Sternberg said that he felt his former industry was cutting staff too deeply in 2023, during what was a "really challenging year" for the business.
"I worry they have started to erode their culture," he said, adding that some firms also pulled back on benefits.
A recent post on Reddit from someone who wrote that they work for a Big Four consulting firm in London said one reason people might be tempted to give up on the industry is that remote work can make it harder to connect with colleagues — the main thing that made the job bearable, the poster said.
"Constantly tapping away from in front of my screen on my kitchen table in a shared flat is more depressing than 1,000 cringe pizza parties," the person wrote. A cutback in perks like flights to client offices and expensed dinners also makes the work less attractive.
Consulting is not the launching pad it used to be
Consulting hasn't lost its allure for everyone, of course.
That's clear from the number of applications the big firms receive. A McKinsey spokesperson told BI in July that the firm plans to hire fewer than 1% of those who apply. The company gets about 1 million résumés each year.
Ernst & Young received over 4 million applications in the past year and hired about 140,000 people, Irmgard Naudin ten Cate, EY's global talent attraction and acquisition leader, told BI in July.
Yet even as many people try to add a big-name firm to their résumé, some outside the industry are these days less interested in attracting erstwhile consultants.

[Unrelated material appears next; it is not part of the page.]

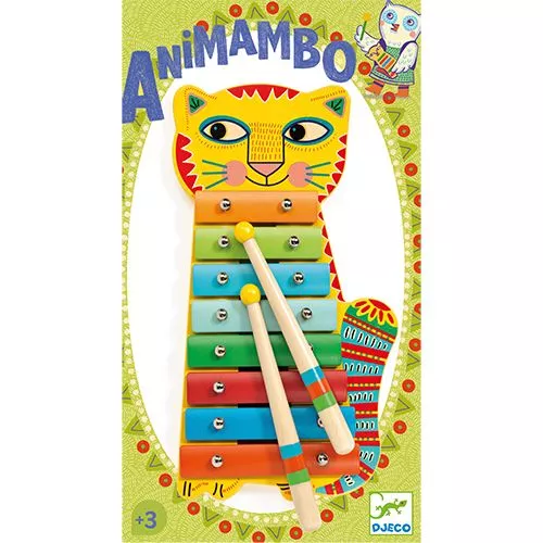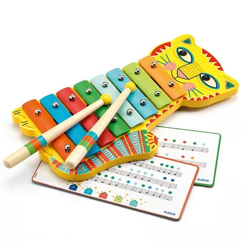 Een vrolijke xylofoon in de vorm van een kat van het Franse merk Djeco. Het speelgoedinstrument is gemaakt van hout en heeft acht metalen tonen. Wie kan er op de xylofoon spelen?

Atli Thorkelsson, who helps startups recruit at the venture capital firm Redpoint Ventures, told BI that founders often looked to people with a consulting background for generalist roles, such as a chief of staff or someone who could be a sounding board for a startup CEO who might have a good idea but not a lot of business experience.
But lately, Thorkelsson said, he's seeing "less excitement" from founders about workers who have consulting on their résumé than there had been around 2017 to 2018.
Even as the industry's pull fades, giving up a lucrative job that can be tough to land isn't necessarily easy. "When I was transitioning out of consulting, consulting was actually still all the rage. It's like high prestige, high pay," the former Accenture consultant said. "That part was scary, to be honest."